→ **Records provided**
--

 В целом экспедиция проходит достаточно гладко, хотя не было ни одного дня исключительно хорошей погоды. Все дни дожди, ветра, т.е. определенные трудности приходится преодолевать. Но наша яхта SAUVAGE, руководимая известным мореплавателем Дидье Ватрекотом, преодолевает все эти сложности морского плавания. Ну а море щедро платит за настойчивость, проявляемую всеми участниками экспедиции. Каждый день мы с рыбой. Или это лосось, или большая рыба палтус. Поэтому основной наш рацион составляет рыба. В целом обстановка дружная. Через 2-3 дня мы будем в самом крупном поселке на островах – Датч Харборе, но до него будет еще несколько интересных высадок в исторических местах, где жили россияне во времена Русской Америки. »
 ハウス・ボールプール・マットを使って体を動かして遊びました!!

--

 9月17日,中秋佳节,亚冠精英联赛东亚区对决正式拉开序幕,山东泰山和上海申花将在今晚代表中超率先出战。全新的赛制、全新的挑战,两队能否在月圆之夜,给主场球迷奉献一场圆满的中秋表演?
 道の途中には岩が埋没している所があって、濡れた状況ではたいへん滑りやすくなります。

--

→ **Task objective**
In the listing above, locate the line containing "9月17日,中秋佳节,亚冠精" and the line containing "道の途中には岩が埋没している", then transcribe both and every line between them verbatim.

→ **Reply to the task**
 9月17日,中秋佳节,亚冠精英联赛东亚区对决正式拉开序幕,山东泰山和上海申花将在今晚代表中超率先出战。全新的赛制、全新的挑战,两队能否在月圆之夜,给主场球迷奉献一场圆满的中秋表演?
 道の途中には岩が埋没している所があって、濡れた状況ではたいへん滑りやすくなります。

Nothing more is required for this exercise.